Linguistic consultants argue that, given the dearth of standard syntax and grammar, the marks wouldn’t be thought of writing. However that doesn’t make the discovering inherently much less thrilling, says paleoanthropologist Genevieve von Petzinger of the Polytechnic Institute of Tomar in Portugal, who wasn’t concerned within the examine. Writing methods are sometimes mistakenly thought of a pinnacle of accomplishment, when in truth writing can be developed solely in cultural contexts the place it’s helpful, she says. As an alternative, it’s vital that the marks present a approach to maintain information exterior of the thoughts.

“In a method, that was the massive cognitive leap,” she says. “All of a sudden, now we have the flexibility to protect [information] past the second. We have now the flexibility to transmit it throughout house and time. All the things begins to vary.”
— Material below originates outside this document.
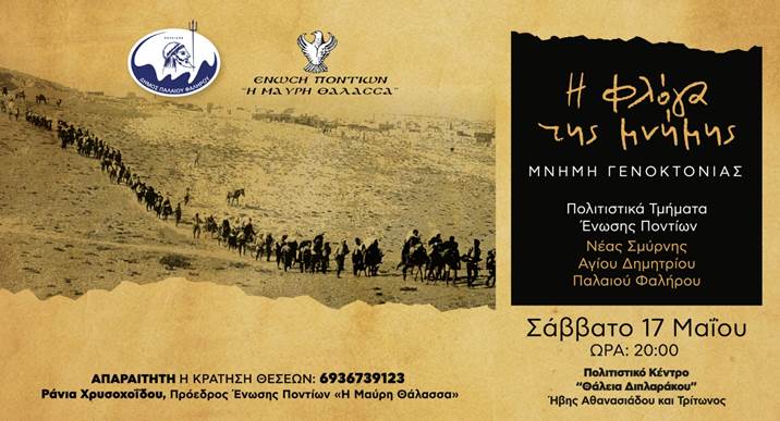 Η Ένωση Ποντίων «Η Μαύρη Θάλασσα», σε συνεργασία με το δήμο Παλαιού Φαλήρου, διοργανώνουν μία εκδήλωση τιμής και μνήμης για τα 106 χρόνια από τη Γενοκτονία των Ελλήνων του Πόντου, με τίτλο «Η Φλόγα της Μνήμης, Μνήμη Γενοκτονίας».
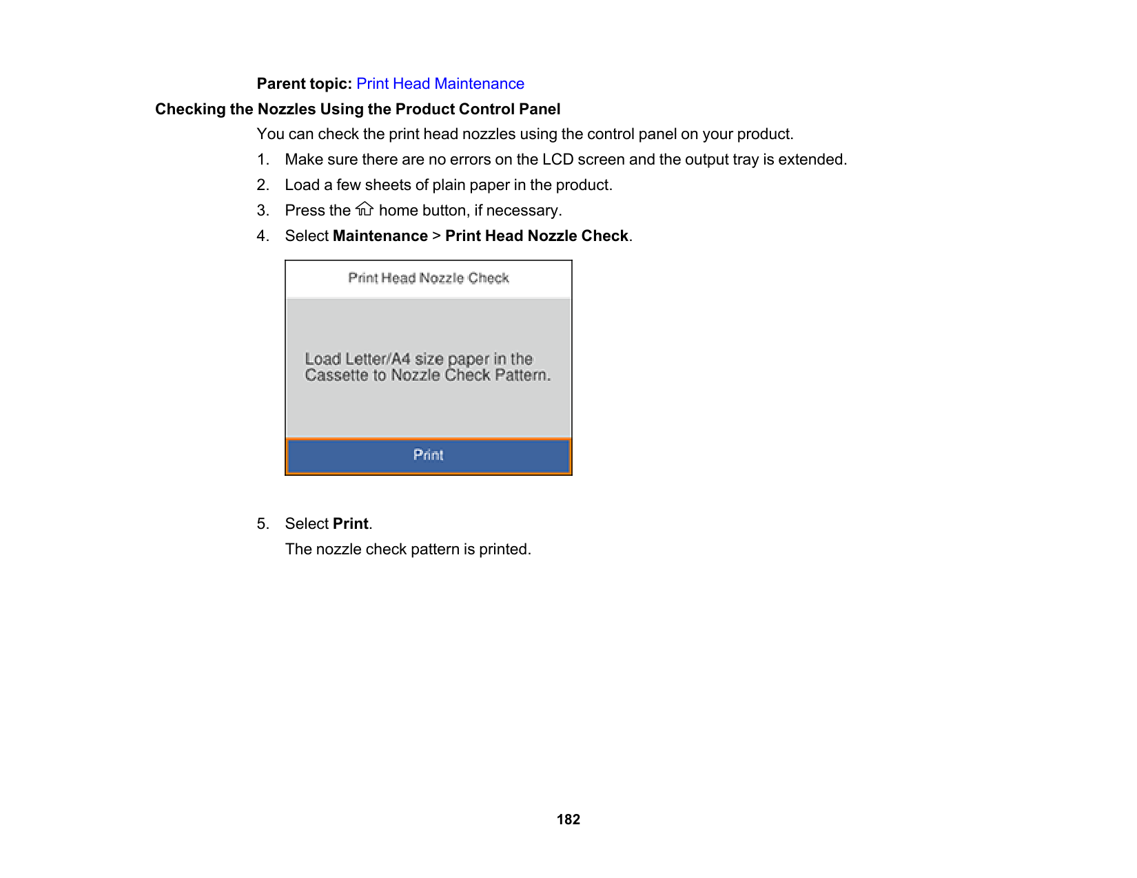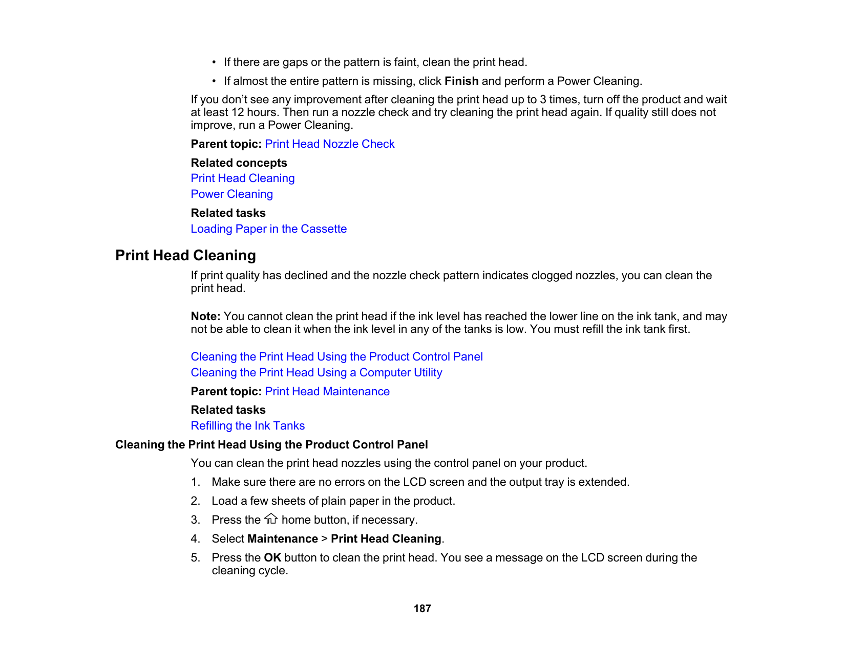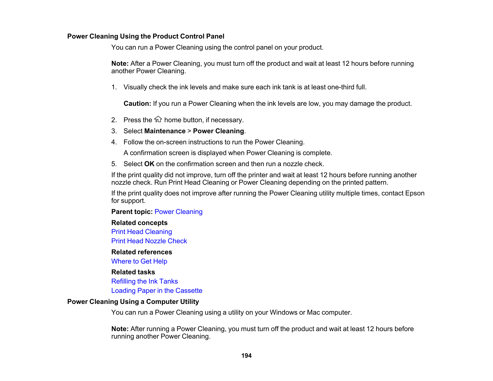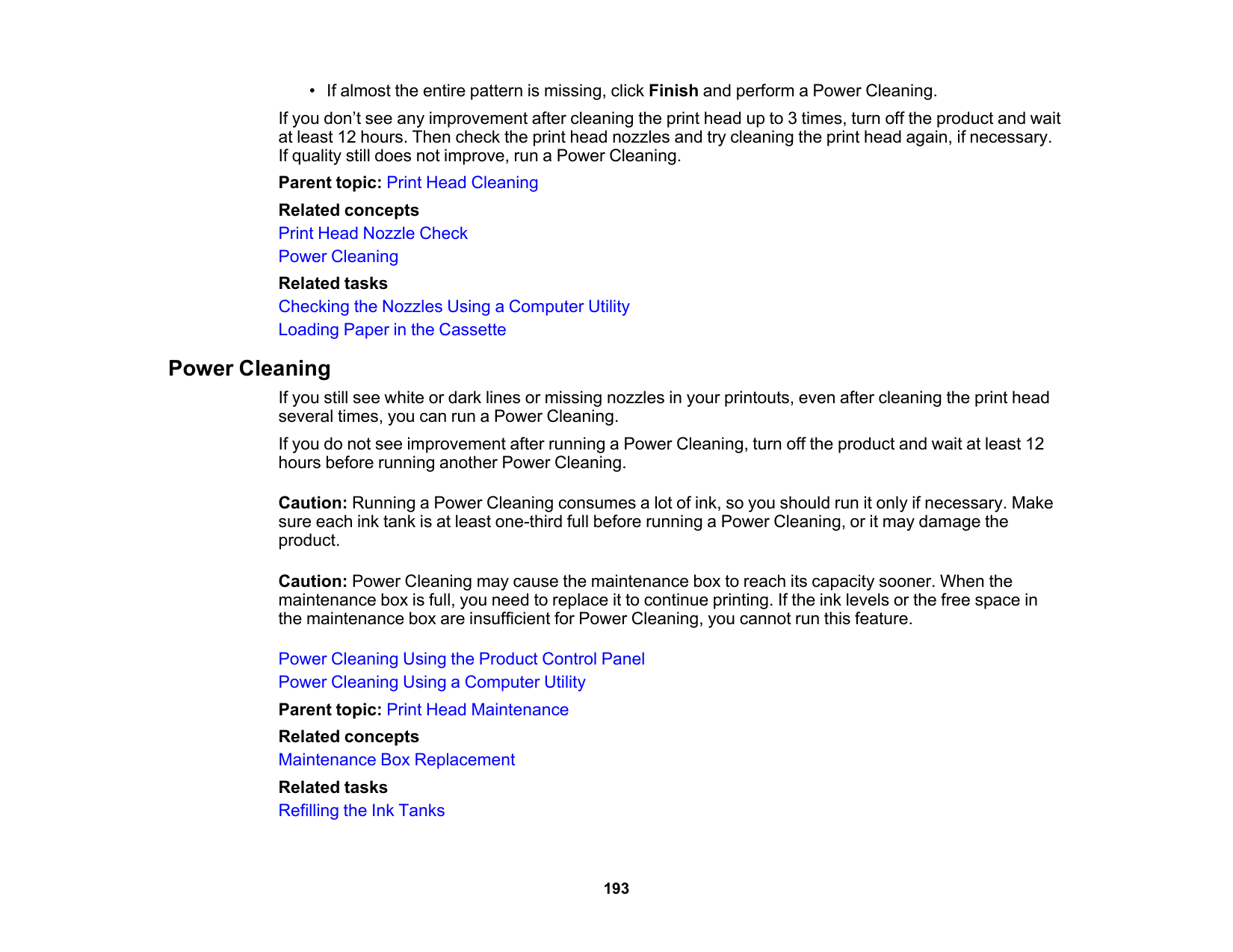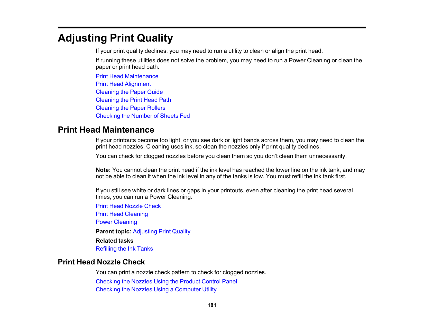 249 Print Head Alignment Print Head Nozzle Check Power Cleaning Checking the Ink and Maintenance Box Levels Related tasks Refilling the Ink Tanks Aligning the Print Head Using the Product Control Panel Cleaning the Paper Guide Cleaning the Print Head Path Related topics Loading Paper Grainy Printout If your printouts are grainy, try these solutions:

The controversy over these marks’ meanings continues. Archaeologist April Nowell doesn’t purchase most of the workforce’s assumptions. “It boggles my thoughts why one would wish a calendar … to foretell that animals had been going to have offspring within the spring,” says Nowell, of the College of Victoria in British Columbia. “The quantity of knowledge that this calendar is offering, if it truly is a calendar, is sort of minimal.”

Hayden provides that, whereas the fundamental sample would nonetheless maintain, a number of the cave marks had “wiggle room for interpretation.” The subsequent step, he says, shall be to evaluate and confirm the interpretations of the marks.